Skate4Cancer sent out a statement after allegations came forward about Kirilow, stating: "For your peace of mind, Skate4Cancer has no formal or informal affiliation to Change For A Cure. There have been no jointly held events or fundraising initiatives. Skate4Cancer's involvement with Ms. Kirilow was based solely on fulfilling what the organization believed to be a legitimate final wish from a terminally ill individual."

== The Cure is Knowledge tour ==
The Cure is Knowledge Tour was another cancer awareness effort by Skate4Cancer, focused on raising awareness for cancer prevention through the music industry. Started in 2008, The Cure is Knowledge Tour organized concerts with local bands and artists for free concerts across Canada, with an emphasis on hip hop, hardcore punk, rock, and indie rock bands.

Musicians that supported The Cure is Knowledge Tour included Shad, Alexisonfire, Billy Talent, Cancer Bats, City and Colour, Moneen, Silverstein, All Time Low, and Lights. The Cure is Knowledge Tour also frequently worked with festivals like NXNE, SCENE Fest and Warped Tour under the Skate4Cancer logo, adding to their visibility.

In 2007, Skate4Cancer organized their own live music event in Winnipeg, marketed as Skate4Cancer Winnipeg. Money raised was donated to the Health Sciences Centre. The event was canceled after their 2013 event, citing lack of funding.

In the fall of 2013, Skate4Cancer opened their first pop-up shop in Toronto, where clothing was sold to support Wellspring.ca and movember.com.

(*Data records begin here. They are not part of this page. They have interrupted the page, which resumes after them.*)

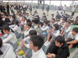 10月13日(土)、2年生75人と1、3年生の人権ボランティア委員、生徒会執行部の生徒で、パークドーム熊本で行われた、平成30年度熊本県人権子ども集会に参加しました。県内から集まった小・中・高それぞれの代表の皆さんが、体験・活動報告を行い、生徒たちは熱心に話を聞いていました。また、「踏み出す勇気を~あなたの一歩で伝わる・繋がる・広がる~」をテーマに行われた全体活動では、生徒たち一人一人が自分たちで作った紙花を持ち、手話を踏まえた振り付けをしながら、歌を歌いました。最後に「熊本県人権子ども集会アピール文」の採択に賛同し、人権を尊重することの大切さを再認識しました。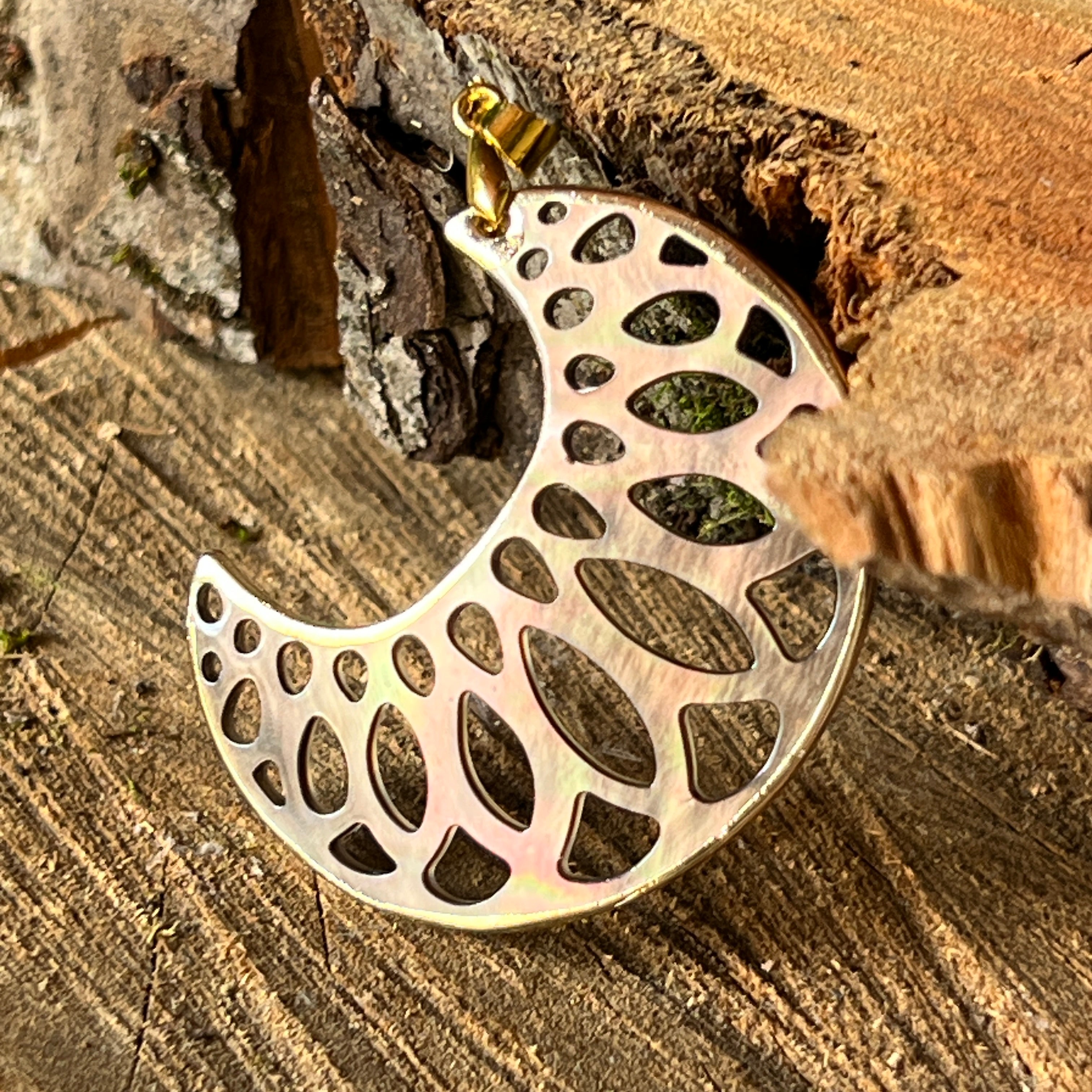 La concha de abulón es conocida por sus iridiscencias únicas en tonos de azul, verde y violeta, y se utiliza frecuentemente en joyería y artesanía. Considerada un símbolo de tranquilidad y conexión con la energía del océano, se aprecia por su belleza natural. Los colgantes y accesorios de abulón son piezas elegantes y versátiles, ideales para cualquier ocasión.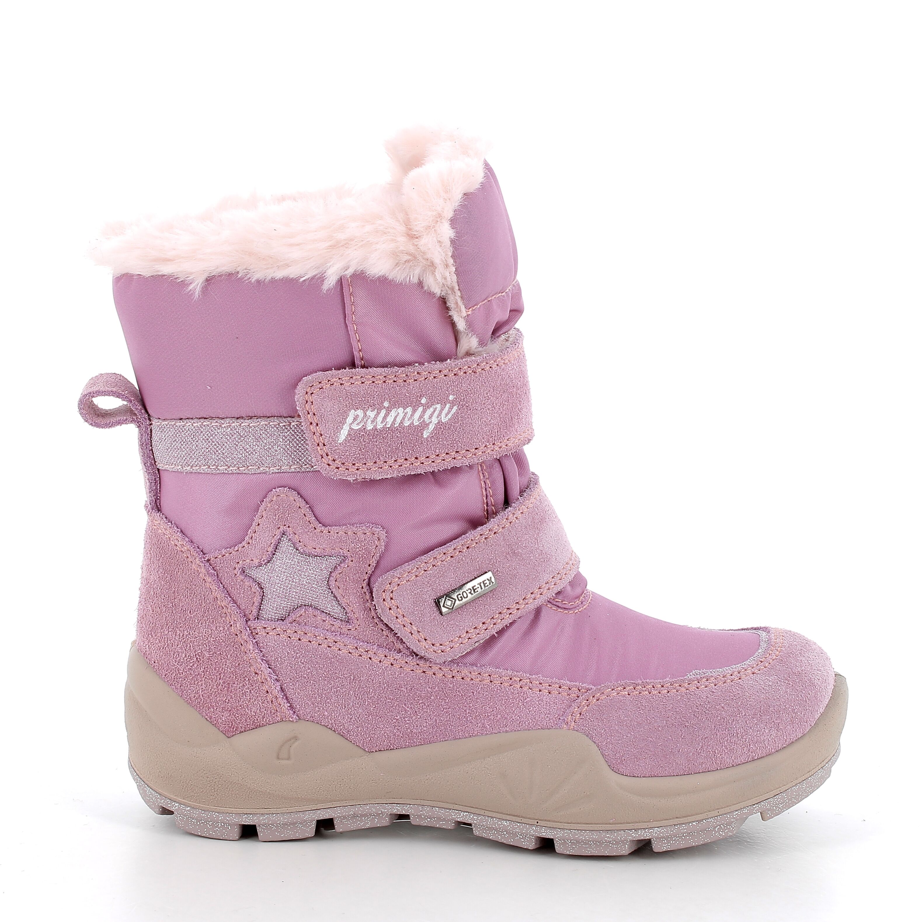 Śniegowce dla dziewczynki z wyższą cholewką, wyposażone w membranę Gore-tex, która chroni przed przemakaniem i zimnem nawet w bardzo niskich temperaturach

Over $20,000 was raised as a result of the fundraiser.

== Dream.Love.Cure Centre ==
In 2011, Rob Dyer announced his plan to create a children's cancer support centre called Dream Love Cure. Dream Love Cure, intended to be a place to support children "indirectly or directly impacted by the disease [cancer]."

In a 2014 blog, Skate4Cancer stated they would not be opening the Dream Love Cure Centre after Wellspring, a Canadian cancer support foundation and frequent partner organization, was starting their own youth-oriented support group.